OPINION
Kathmandu, 18 Jan.: It’s becoming harder by the day not to feel for Sushil Koirala.
Asked by the beleaguered Maoist-Madhesi ruling alliance to name a candidate for the premiership, the Nepali Congress pressed forward the name of its president to succeed Baburam Bhattarai, Maila Baje writes in Nepali Netbook.
The ruling alliance probably thought that the deeply fractious Nepali Congress would have had a hard time coming up with one name. Conspiratorial minds within the party, it was probably thought, would not be able to stop pitting all those contenders off one another.
That way, Dr. Bhattarai could hope to continue at the helm for a little while longer. Failing that, another communist could step in to pursue that chimera called consensus.

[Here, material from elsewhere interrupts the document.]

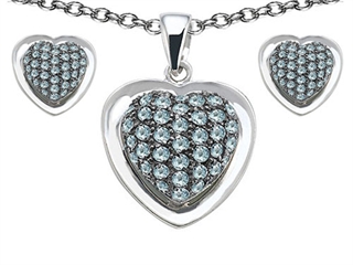 This attractive Original Star K(tm) Simulated Aquamarine Heart Shape Love Pendant Box Set with matching earrings, crafted in 925 Sterling Silver. This amazing design is mounted with 82 stones prong set faint blue Round Simulated Aquamarine. This product measures 16.00 mm wide, 24.00 mm long. Aquamarine is March Birthstone: From the latin `aqua` and `mare` meaning 'sea water'. Aquamarine is said to provide everlasting youth, courage, and happiness. Free 18 inches chain included Designer: Star K - This beautiful design, is part of the exclusive Star K. jewelry collection. Star K. designs are copyrighted, so please be aware of cheap imitations selling online. Only original Star K. creations are made using the highest quality materials and craftsmanship, backed by an exclusive Lifetime Warranty. Warranty: - This item is covered by Finejewelers exclusive Silver Shield Lifetime Warranty. This exclusive lifetime coverage is offered ONLY by Finejewelers so please shop with confidence, our quality is guaranteed for life!

When Sushil was nominated, the astonishment across the political spectrum was palpable. But it was almost immediately camouflaged by a bevy of excuses. He was too disinterested about everything, Maila Baje heard some said. Others pointed out that he was too ill to be able to focus on national challenges. He was inexperienced in administration, still others contended, citing his lack of an executive background.
The latest count against Sushil seems to be that he is somehow against the 12-Point Agreement, the cornerstone of our hyped but hazy post-April 2006 transformation. By extension, this implies that Sushil is against India’s stifling involvement in Nepal, if not an outright anti-‘Indian’.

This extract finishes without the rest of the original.